The prepared data is provided in the zip folder, so there is no need to rerun data preparation. For reproducibility purposes, the script to prepare the data from the original files found in data/orig/
is provided:
bash scripts/prepare_data.sh
TODO
Take examples consisting of the matter (first title; 'matière') concatenated to the synthesis ('sommaire') and predict the rest of the keyword sequence 'titrage'.
echo "MATIERE <t> SOMMAIRE" | bash scripts/translate-interactive.sh <model_path> <data_dir> <sp_model>
echo "contrat <t> la convention collective du batiment doit être calculée en fonction ..." | \
bash scripts/translate-interactive.sh \
models/sommaire2titrage/mini-joint/8000/model-1/checkpoint_best_weighted_acc.pt \
data/bin/lowercase.sommaire-titrage.joint-sp8000 \
data/preproc/spm.8000.lowercase.joint-sommaire-titrage.model
Preprocessing is applied before translation:
- lowercase
- sentencepiece subword segmentation
Evaluation is run as follows, by comparing the hypothesis and reference file according to a specific criterion:
python scripts/evaluate.py <hyp_file> <ref_file> {global_acc,acc_per_level,weighted_acc,micro_acc}
E.g.
python scripts/evaluate.py models/sommaire2titrage/joint/8000/model-1/valid_outputs/checkpoint62.pt.postproc data/final/valid.lowercase.titrage weighted_acc
>> 34.897
python scripts/evaluate.py models/sommaire2titrage/joint/8000/model-1/valid_outputs/checkpoint62.pt.postproc data/final/valid.lowercase.titrage acc_per_level
>> [71, 51, 33, 21, 13, 9, 7, 7, 6, 4, 8, 14, 0]

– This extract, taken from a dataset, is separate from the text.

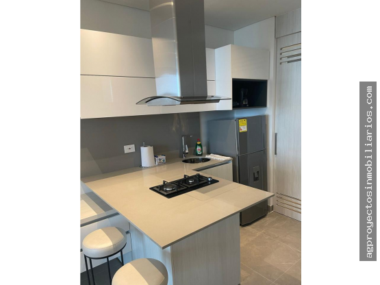 Hermoso apartamento en venta amoblado tipo Loft con un área de 41,6 m2 , consta de una habitación, closets ,cama doble con dos mesas de noche, ropa de cama y toallas sofá cama, televisor pantalla plana, cortinas tipo blackout,escritorio con silla, cocina tipo americano con estufa, campana, horno microondas, cafetera , nevera , mesón en mármol con silla ,baño, zona de labores, lavadora , balcón con silla y mesa , mueble divisor, aire acondicionado , menaje de cocina, , vista panorámica y un parqueadero .

The dataset and features are all provided, so there is no need to rerun generation, but for reproducibility purposes, the data and features are prepared as follows:
- Extract different information from the similarity dataset:
bash scripts/prepare_similarity_data.sh
The extracted information can be found in data/similarity/dataset
for the original (gold) information and data/similarity/predicted/
for the predicted information.
Part of step 1 requires the predicted keyword sequences to have been generated. If they have not been generated, you will receive a warning message. You should run step B (below) and then run step A a second time once the predicted files are present.

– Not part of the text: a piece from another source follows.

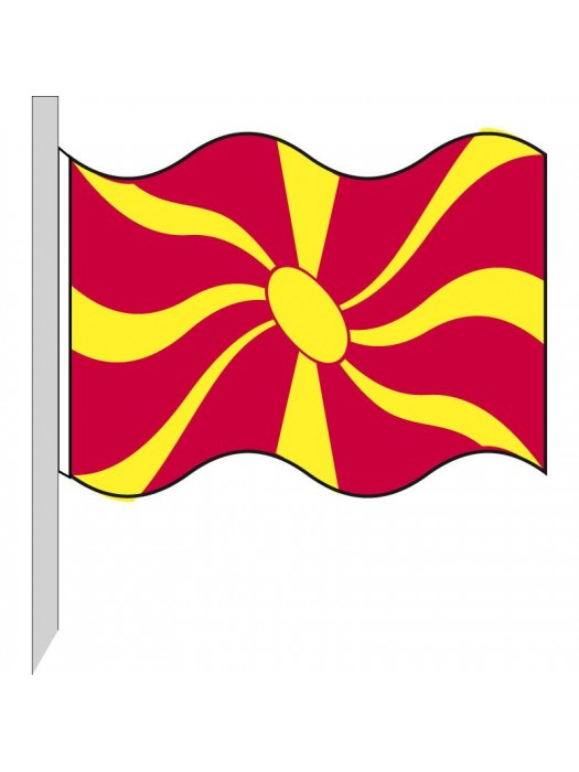 Bandiera Macedonia del Nord in tessuto poliestere nautico da 115 g/m2, alta resistenza, confezionata con doppie cuciture, guaina in poliestere robusto, corda in poliestere alta tenacità, in varie misure, uso esterno o interno (asta non inclusa)

- Generate predicted keyword sequences (make sure to adapt to your own scheduler or working environment):
sbatch scripts/predict_titrages.slurm
The predicted sequences can be found in data/similarity/predicted/
- Produce the different features that are tested:
bash scripts/produce_similarity_features.sh
Features are output to data/similarity/features/
- Calculate the main similarity correlations
bash scripts/get_sim_results.sh
Results are output to data/similarity/results/